His body has changed since I met him that night in a bar. He was leaner, lankier then. Playing in the NBA he has, by necessity, added more muscle, reduced his body fat to almost zero. The ridges of his abs, the chiseled line of his legs, and the cut of bicep where his shirt sleeve catches and strains prove it. All over, he’s harder and more defined.
So am I. Harder. Defined by all the things I’ve experienced and what it took to survive. I’ve been through a lot since I was a college senior on the verge of graduating. I’m not that bright-eyed girl in a bar whose biggest concern was bad calls by the refs. I’ve had a daughter. I’ve lived through hell. I’ve killed a man.
I will never be the same.
Some things imprint us so deeply, we can never return to what we were before. But would I want to? Sure, I’m more guarded, but I like to think I have more compassion because I’ve known true suffering, and I hurt when I see it in others. I may be more cynical, but I like to think I’m wiser, too.
When I told my story, some said I was a hero. I’m not. I’m just a woman who ended up in a bad relationship with a bad man and had to fight my way out of it. I did what I had to do to protect my daughter and to protect myself. That doesn’t make me special, but it does make me a survivor. It’s happening to women just like me and nothing like me all the time. To our neighbors, to our best friends, to our sisters. It’s happening behind closed doors, or even out in the open, documented in redacted police reports or in a million views on viral videos that we judge and poke at and debate.

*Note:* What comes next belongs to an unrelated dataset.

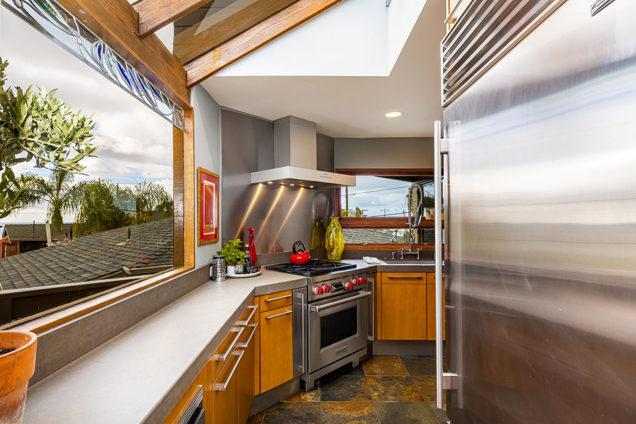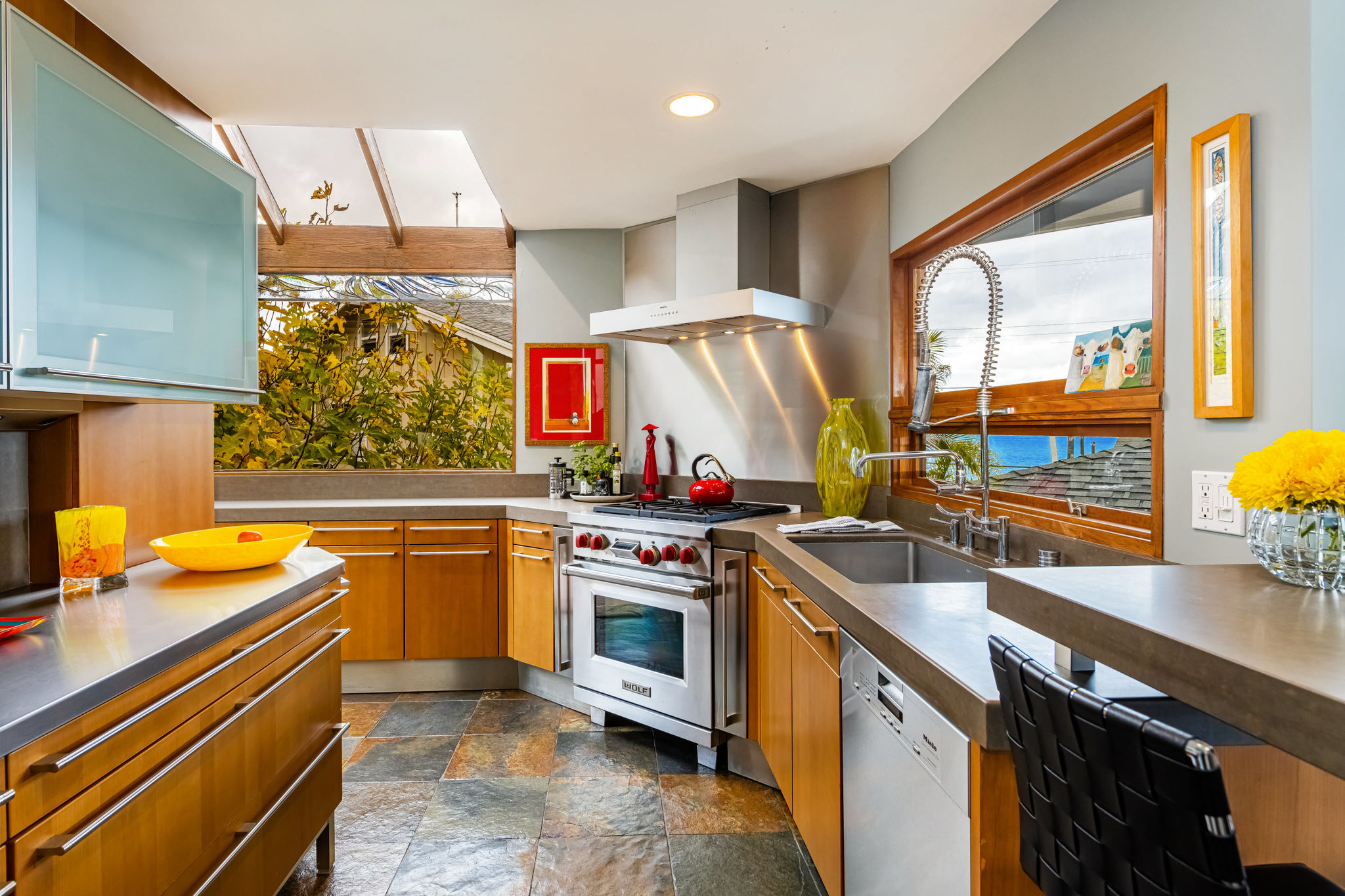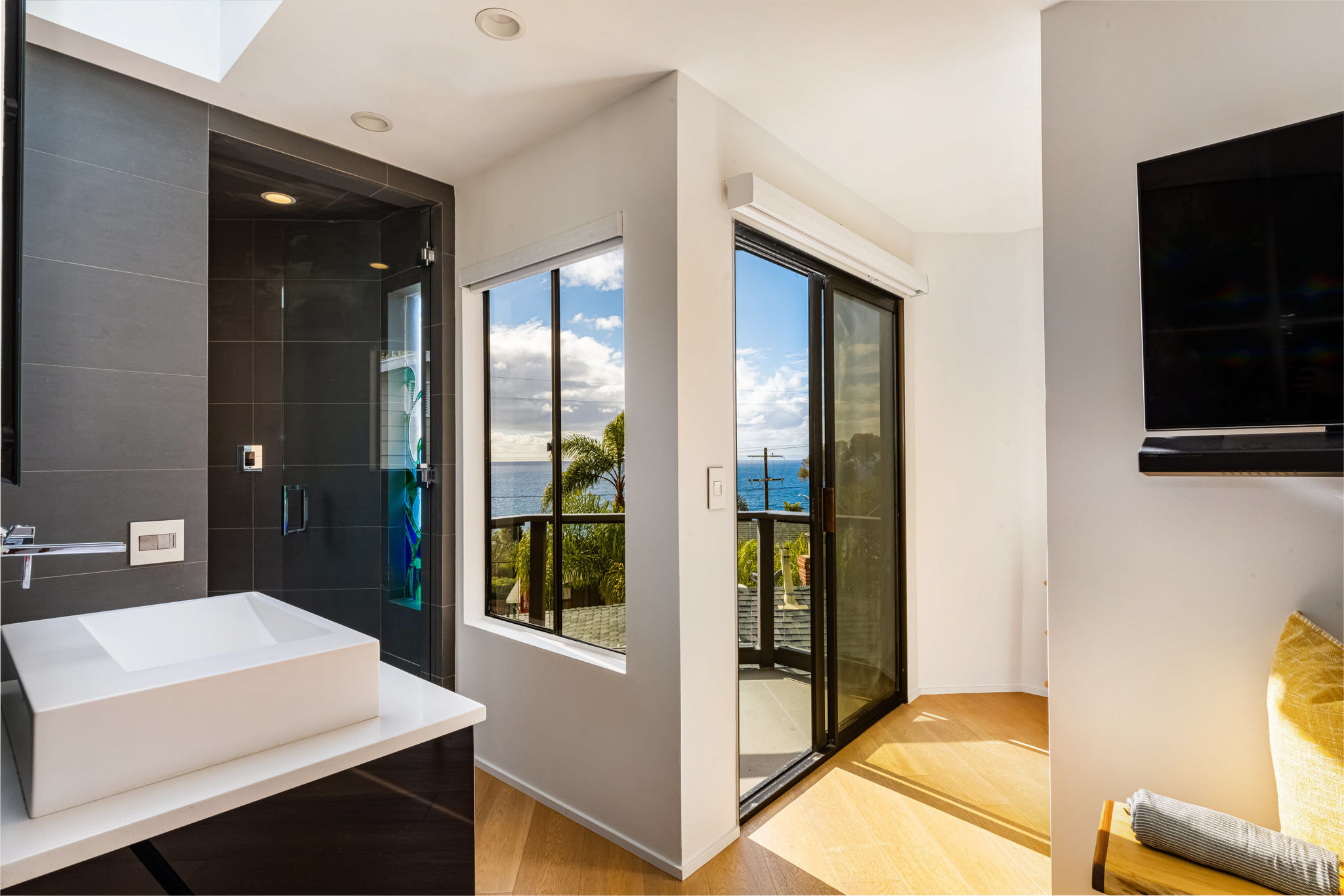 GREAT LOCATION!! OCEAN VIEWS!! This property is the one you've been waiting for. Just one block up from South Laguna's famous Thousand Steps Beach with pristine sandy shores and clear ocean waters, world-class skimboarding, bodyboarding, and snorkeling. Modern construction awaits you with an open floor plan that flows seamlessly from the indoor spaces to spacious wrap-around outdoor decks. This designer home has been meticulously remodeled with stunning architecture and exceptional finish materials. This is your ocean view dream home featuring 3 bedrooms, 3 baths, two-car attached garage with a two-car driveway!! Upon entering the home you'll notice the floor-to-ceiling glass walls, with fabulous ocean views from the living, dining, and kitchen areas. Imagine yourself in the open living room watching the flames flicker in the free-standing concrete fireplace as you watch the beautiful evening sunset. Amazing industrial chef's kitchen, custom-designed by Euro Kitchen in Laguna Beach. Caesar Stone, steel countertops, semantic wood cabinetry, under-counter lighting, Wolf range/oven, Gaggenau vent hood, Meile dishwasher, SUBZERO refrigerator, stainless steel microwave, sink, and another patio off the kitchen just waiting for a cup of morning coffee. Convenient first-level bedroom with adjacent remodeled bathroom. Upstairs Master suite with amazing ocean views, open sliding doors to a large outdoor patio with Catalina, sunset and ocean views, stunning remodeled master bath with walk-in "Mr. Steam" shower, skylight, large closet area, and private balcony. You could actually step away from your sink and walk out onto your own private balcony looking out over spectacular ocean views. I love this house:) Adjoining en-suite bedroom with a gorgeous remodeled bathroom. Yes, there's even a large side yard perfect for a victory garden, play area, or a perfect place for outdoor dining. This house is SPECIAL!! Don't miss out on this DREAM HOME!!

Even when I shared my story, everyone had opinions. I should have left sooner. I should have pressed charges. Why didn’t I trust the system to “punish” him? Why didn’t I tell everyone? Was it really self-defense, or was it revenge?
If you’ve never had to fight for your life in your own home, if you’ve never had someone you thought loved you hurt you the most, then you don’t know. But I do. I k
now how it feels to wake up every day living in a nightmare and sleeping with a monster, and I told the world in my own words and on my own terms.